Смерть секретарши - Борис Носик
Шрифт:
Интервал:
Голос радиста взорвался над койкой Зенковича и пожелал ему счастья в очередной день законного отдыха. Зенкович погрозил кулаком серебряному громкоговорителю, с торжеством припомнив, что сегодня он избавится от культурного обслуживания, а заодно и от архитектурного наследия великого князя: вольной птицей он будет бродить по горам; он будет спать в своем собственном, индивидуальном мешке; он будет слушать пение птиц вместо грамзаписей…
Сразу же после завтрака началась бестолковая предотъездная возня.

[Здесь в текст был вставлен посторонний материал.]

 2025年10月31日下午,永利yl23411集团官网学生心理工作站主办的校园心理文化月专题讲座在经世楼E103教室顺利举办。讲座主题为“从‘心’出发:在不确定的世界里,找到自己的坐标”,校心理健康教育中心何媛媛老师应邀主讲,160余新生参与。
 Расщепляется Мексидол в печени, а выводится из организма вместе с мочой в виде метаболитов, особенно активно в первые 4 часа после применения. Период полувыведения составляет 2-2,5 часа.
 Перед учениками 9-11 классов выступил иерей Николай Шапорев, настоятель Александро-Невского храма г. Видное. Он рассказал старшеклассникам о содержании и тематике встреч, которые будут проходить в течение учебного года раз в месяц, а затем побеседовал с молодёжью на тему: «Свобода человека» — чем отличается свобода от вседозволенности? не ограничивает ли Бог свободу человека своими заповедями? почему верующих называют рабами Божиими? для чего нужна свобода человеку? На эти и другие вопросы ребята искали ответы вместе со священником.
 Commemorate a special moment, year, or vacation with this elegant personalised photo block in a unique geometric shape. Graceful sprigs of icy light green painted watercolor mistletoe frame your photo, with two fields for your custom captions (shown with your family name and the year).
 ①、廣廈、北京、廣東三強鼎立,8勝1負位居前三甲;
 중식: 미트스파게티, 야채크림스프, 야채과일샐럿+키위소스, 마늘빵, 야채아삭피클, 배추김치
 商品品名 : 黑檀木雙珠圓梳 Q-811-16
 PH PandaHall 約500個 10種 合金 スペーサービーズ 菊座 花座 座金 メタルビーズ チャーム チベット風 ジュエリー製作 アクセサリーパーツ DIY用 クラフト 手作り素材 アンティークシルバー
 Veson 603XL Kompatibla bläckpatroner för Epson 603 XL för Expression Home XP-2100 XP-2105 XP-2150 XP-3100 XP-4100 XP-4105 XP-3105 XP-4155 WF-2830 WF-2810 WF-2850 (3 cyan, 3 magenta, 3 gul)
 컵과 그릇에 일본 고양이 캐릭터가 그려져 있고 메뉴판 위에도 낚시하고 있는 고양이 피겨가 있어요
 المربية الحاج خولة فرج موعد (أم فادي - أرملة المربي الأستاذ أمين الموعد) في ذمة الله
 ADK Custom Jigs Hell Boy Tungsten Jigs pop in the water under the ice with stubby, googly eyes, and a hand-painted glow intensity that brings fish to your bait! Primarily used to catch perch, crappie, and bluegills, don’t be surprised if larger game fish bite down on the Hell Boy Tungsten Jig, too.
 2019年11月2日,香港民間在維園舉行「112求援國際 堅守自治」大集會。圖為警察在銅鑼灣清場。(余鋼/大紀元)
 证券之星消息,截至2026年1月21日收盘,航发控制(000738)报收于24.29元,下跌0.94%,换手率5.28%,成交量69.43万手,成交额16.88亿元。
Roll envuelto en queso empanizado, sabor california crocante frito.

Уложив в свой гигантский рюкзак одежду, консервы и спальный мешок, привязав к нему сверх того палатку, Зенкович уныло сидел в автобусе и думал о том, как мудро поступал всю жизнь, отказываясь от путевочных турпоездок, хотя бы даже заграничных (в последнем утверждении содержалась, конечно, с его стороны известная доля лукавства, ибо он подозревал, что в заграничную поездку его все-таки, наверное, не выпустят). Но все же представьте себе, чисто теоретически, дорогостоящие две недели, проведенные в автобусе, в ожидании, пока «соберется вся группа» или пока «староста найдет Петрову и Гришкина». Нервничать, смотреть на часы, а когда наконец появится распаренная Петрова и Гришкин, не успевший как следует застегнуть штаны, восклицать без тени юмора: «Подумать только — опять потеряли сорок минут! Надо совершенно не уважать группу, чтобы так…»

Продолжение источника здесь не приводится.